Re: [PATCH 0/1] sched: Restore PREEMPT_NONE as default
From: Mitsumasa KONDO
Date: Sun Apr 05 2026 - 10:45:04 EST
I believe the root cause is the inadequacy of PostgreSQL's arm64
spin_delay() implementation, which PREEMPT_LAZY merely exposed.
PostgreSQL's SPIN_DELAY() uses dramatically different instructions
per architecture (src/include/storage/s_lock.h):
x86_64: rep; nop (PAUSE, ~140 cycles)
arm64: isb (pipeline flush, ~10-20 cycles)
Under PREEMPT_NONE, lock holders are rarely preempted, so spin
duration is short and ISB's lightweight delay is sufficient.
Under PREEMPT_LAZY, lock holder preemption becomes more frequent.

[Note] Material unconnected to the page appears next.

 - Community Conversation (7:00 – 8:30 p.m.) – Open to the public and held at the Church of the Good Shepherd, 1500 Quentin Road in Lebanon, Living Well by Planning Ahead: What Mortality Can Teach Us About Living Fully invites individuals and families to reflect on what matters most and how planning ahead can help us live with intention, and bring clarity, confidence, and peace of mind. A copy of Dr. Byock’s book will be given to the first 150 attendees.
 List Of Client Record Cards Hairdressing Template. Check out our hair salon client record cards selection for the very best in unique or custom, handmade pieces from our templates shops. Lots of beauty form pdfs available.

When this occurs, waiters enter a sustained spin loop. On arm64,
ISB provides negligible delay, so the loop runs at near-full speed,
hammering the lock cacheline via TAS_SPIN's *(lock) load on every
iteration. This generates massive cache coherency traffic that in
turn slows the lock holder's execution after rescheduling, creating
a feedback loop that escalates on high-core-count systems.

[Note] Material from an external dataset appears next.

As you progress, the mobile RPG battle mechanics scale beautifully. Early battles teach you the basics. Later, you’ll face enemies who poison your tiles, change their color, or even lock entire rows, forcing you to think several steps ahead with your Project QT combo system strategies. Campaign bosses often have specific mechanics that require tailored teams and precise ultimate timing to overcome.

On x86_64, PAUSE throttles this loop sufficiently to prevent the
feedback loop, which explains why this is not reproducible there.

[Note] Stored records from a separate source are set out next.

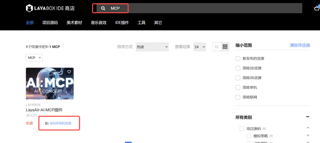 1、打开资源商店,搜索关键词 "MCP",将引擎官方MCP插件添加至我的资源。
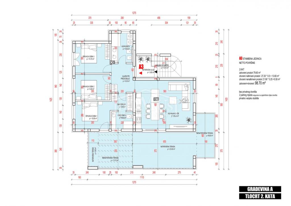 RESIDENTIAL UNIT A3- Aapartment on the 2nd floor with a total of 98.70 m2 of usable area with 2 parking spaces. The apartment occupies the entire back floor of the building, has a spacious living room with a kitchen and dining room, a storage room, two bathrooms, a hallway, 3 bedrooms, a wardrobe, a hallway, and a partially covered terrace with a total area of 49.10m2.
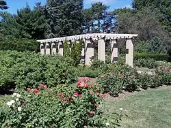 In 1885 the city of Davenport acquired the property that had been the Scott County Fairgrounds. It is a significant example of landscape planning, and of the civic improvements that were being made by the city in the late 19th and early 20th centuries.[2] Five years after the land was purchased and improved it was named Central Park after New York City's park of the same name.[3] Like its namesake it featured naturalistic landscaping, a glasshouse, floral gardens, a large pond, picnic pavilion, and a picturesque bridge. Central Park was the first major park established by the City of Davenport. The year that it opened the city established the Board of Parks Commissioners. They acquired other properties and established residential parks similar to Central Park. The parks included both Lookout Park, later renamed Riverview Terrace, and Prospect Park that were brought into the city's system in 1894. Fejervary Park was acquired in 1902. Other major projects in the city's beautification program included riverfront improvement that created LeClaire Park and included the W.D. Petersen Memorial Music Pavilion, Dillon Fountain, and Union Station between 1911 and 1931.

Patching PostgreSQL's arm64 spin_delay() to use WFE instead of ISB
should significantly reduce the regression without kernel changes.
That said, this change is likely to cause similar breakage in other
user-space applications beyond PostgreSQL that rely on lightweight
spin loops on arm64. So I agree that the patch to retain PREEMPT_NONE
is the right approach. At the same time, this is also something that
distributions can resolve by patching their default kernel configuration.
Regards,
--
Mitsumasa Kondo
NTT Software Innovation Center